Хлопуша искал Пугачева, так же, как Есенин — Ленина. Ему поэт верил до самого конца. Известен случай, когда, будучи уже знаменитым, Сергей Александрович приехал в свою деревню, и на вопрос односельчан, кто такой Ленин, ответил: «Он — вы».
И в поэме «Гуляй-поле» о Ленине есть удивительные строки:
Суровый гений...
Застенчивый, простой и милый,
Он вроде сфинкса предо мной.
Я не пойму, какою силой
Сумел потрясть он шар земной?
Но он потряс...
То есть, нынешние попытки представить Ленина как некоего заговорщика, не имеющего и не имевшего значения в истории, — полнейшая неправда. Есенин слышал это трясение земного шара, ведь революции вслед за нами стали совершаться везде: В Китае, Турции, Германии, Австро-Венгрии... Так что Есенин был поэтом революции даже в большей степени, чем Маяковский: тот рупор партии, а этот — народа.
культура: И все же Есенин очень боялся диктатуры...
Куняев: И ограничения творческой свободы. Он писал:
Приемлю все, как есть все принимаю:
Готов шагать по выбитым следам.
Отдам всю душу Октябрю и Маю,
Но только лиры милой не отдам.
В этом смысле показательна поездка в Америку — также общее в биографии двух поэтов. И если Маяковский, технократ по натуре, был в восторге от США, то Есенина они разочаровали.

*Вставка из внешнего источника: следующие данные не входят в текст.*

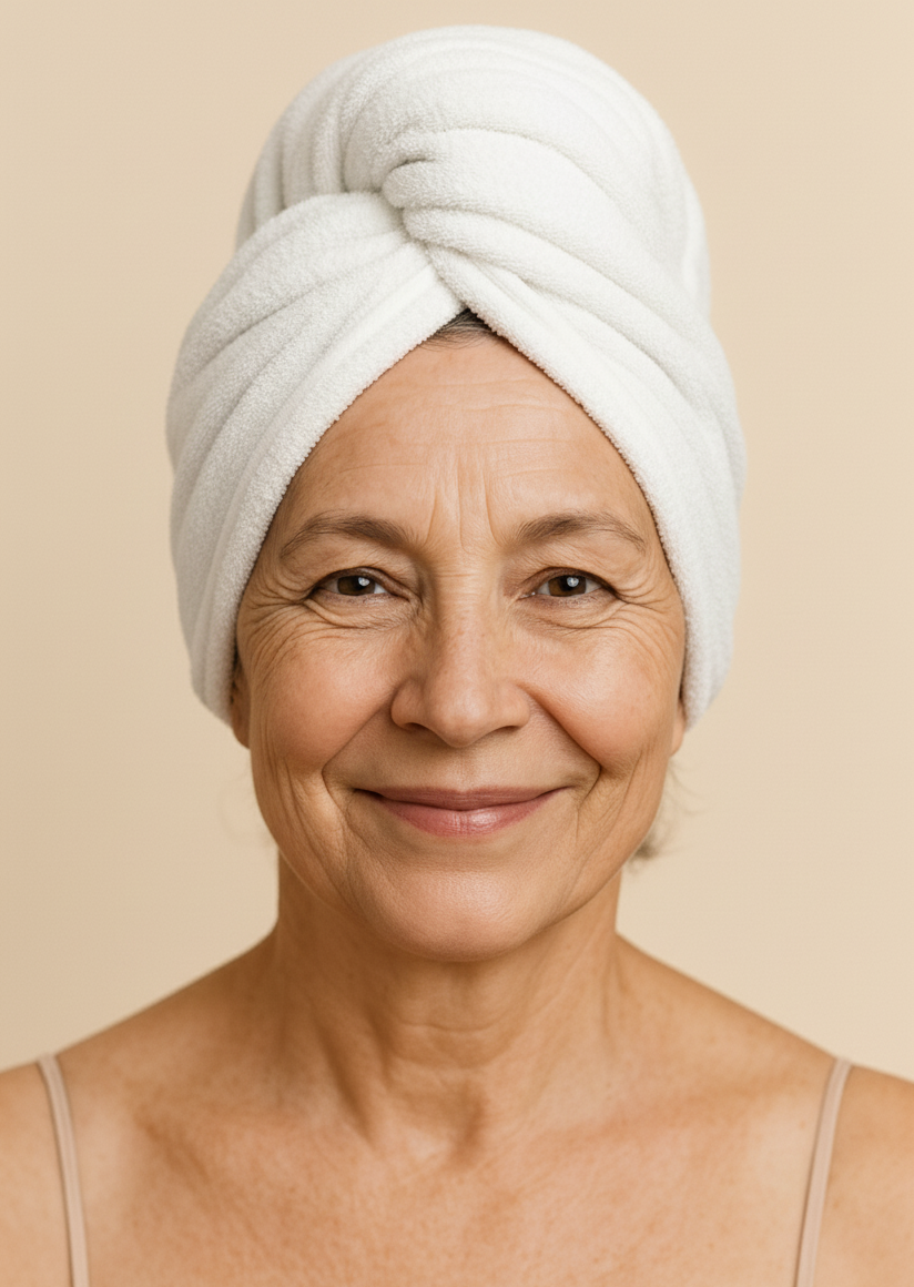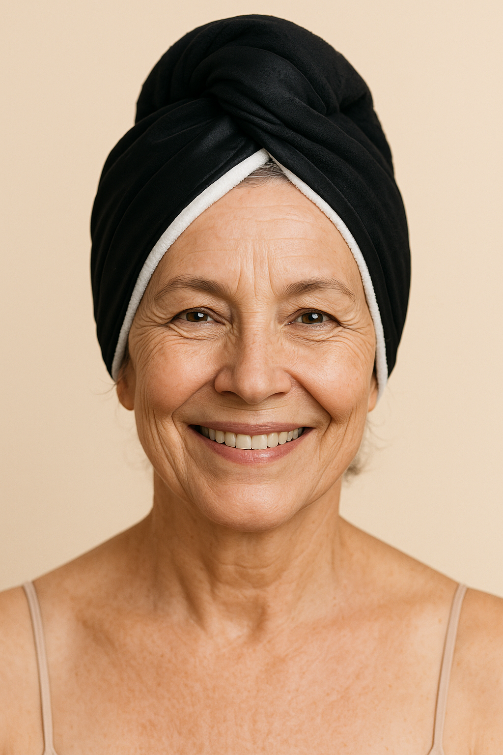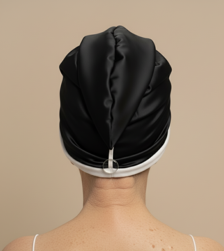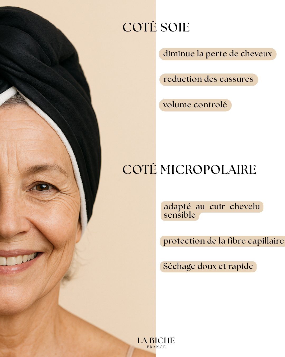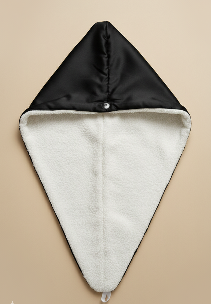 La serviette pour cheveux Virginie incarne l’élégance classique. Sa soie noire s’adapte à tous les styles et révèle une allure chic et discrète. Associée au blanc polaire, elle offre un contraste sobre et raffiné. Bimatière et pensée pour le soin des cheveux, elle limite les frisottis, préserve la fibre capillaire et sublime chaque routine beauté.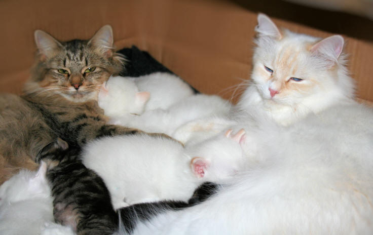 ![]() | bei ihrem ersten Wurf wird Mojito von ihrer Freundin Upsala unterstützt, die auch gerade Kitten hatte |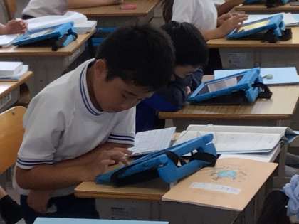 4年1組さんでは、総合的な学習の時間にタブレットを使って、自分が調べたことをまとめる勉強をしていました。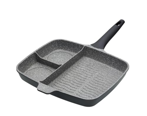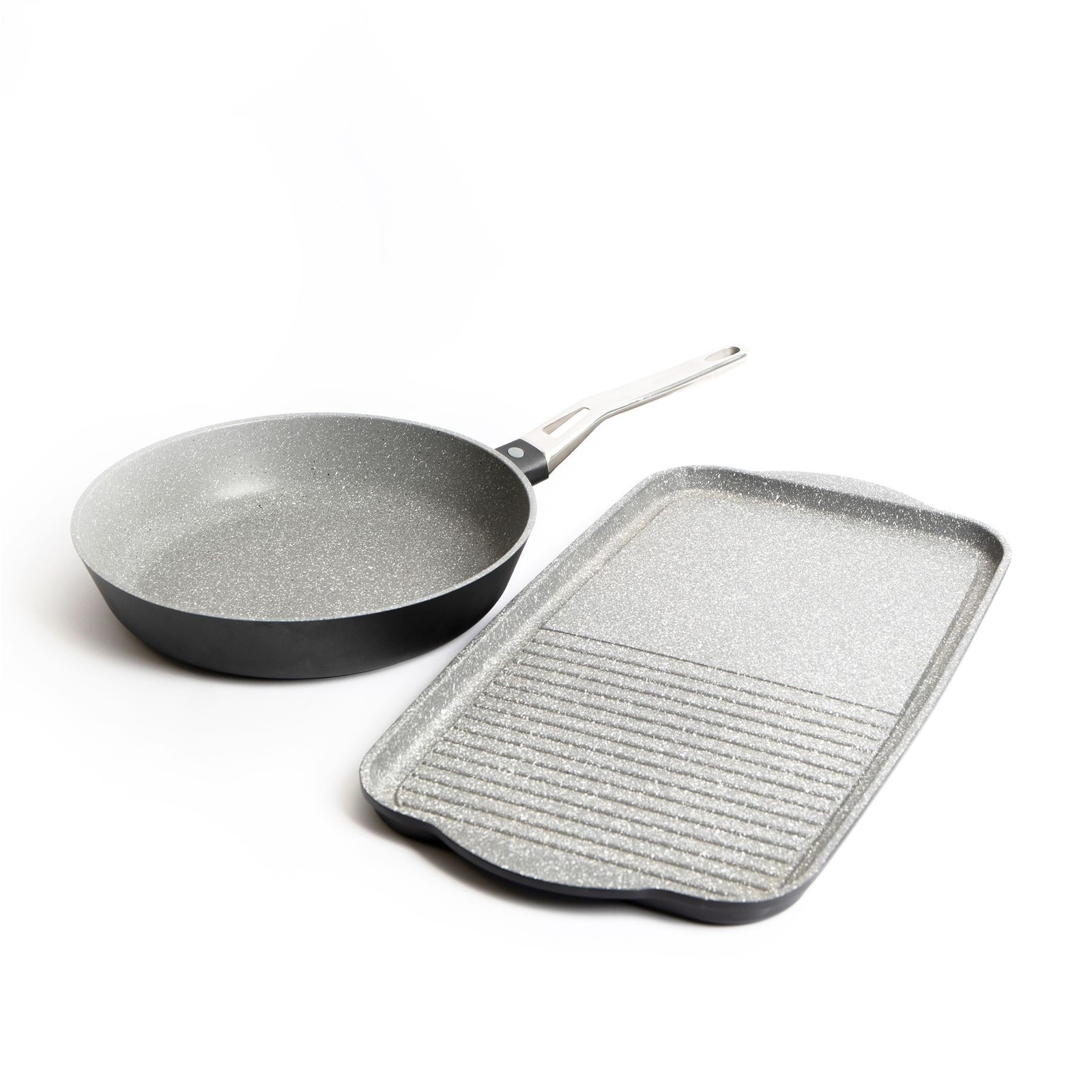 2pc Induction-Safe & Non-Stick Cast Aluminium Pan Set with 28cm Frying Pan and Dual Griddle Tray

Он считал, что Америке нужны Маккормики (Сайрус Маккормик — известный предприниматель, изобретатель первой жатки на конной тяге, основатель компании. — «Культура»), нам же милее Жигули на Волге и песни о Степане Разине.
культура: Но самым загадочным в биографии Есенина остаются обстоятельства его смерти.
Куняев: Конечно, он был убит. В декабре 1925 года, за две недели до смерти, Есенин встретил в издательстве знакомого писателя. Они отправились пить пиво. Разговор зашел о Каменеве, Зиновьеве, Троцком. Есенин высказывается положительно о Троцком. Собеседник — о Каменеве. Поэт возразил: «Предатель революции». И тут же рассказал, что у него есть телеграмма Каменева, отправленная великому князю Михаилу с поздравлением в связи с восшествием того на престол после отречения Николая II. На просьбу показать Есенин заявил, что она спрятана в надежном месте. Через несколько месяцев в Москве открылся пленум Коминтерна. В качестве главы была предложена кандидатура Каменева. Сталин в прениях выступил против, сославшись на ту самую телеграмму.
Очевидно, Есенин проболтался человеку, близкому к ЧК. И улика, якобы хранившаяся у поэта, понадобилась в борьбе за власть. Неясно только, кто именно дал указание. У всех были причины, свои мотивы.
культура: Сергей Александрович, наверное, просто впечатление произвести хотел. Ввернул в разговоре...
Куняев: Он вообще-то хвастун был. Есенин — типично русский человек, противоречивый до безумия, готовый, говоря словами Достоевского, всегда перевеситься через край. Если век девятнадцатый нужно изучать по Пушкину, то двадцатый — по Маяковскому и Есенину.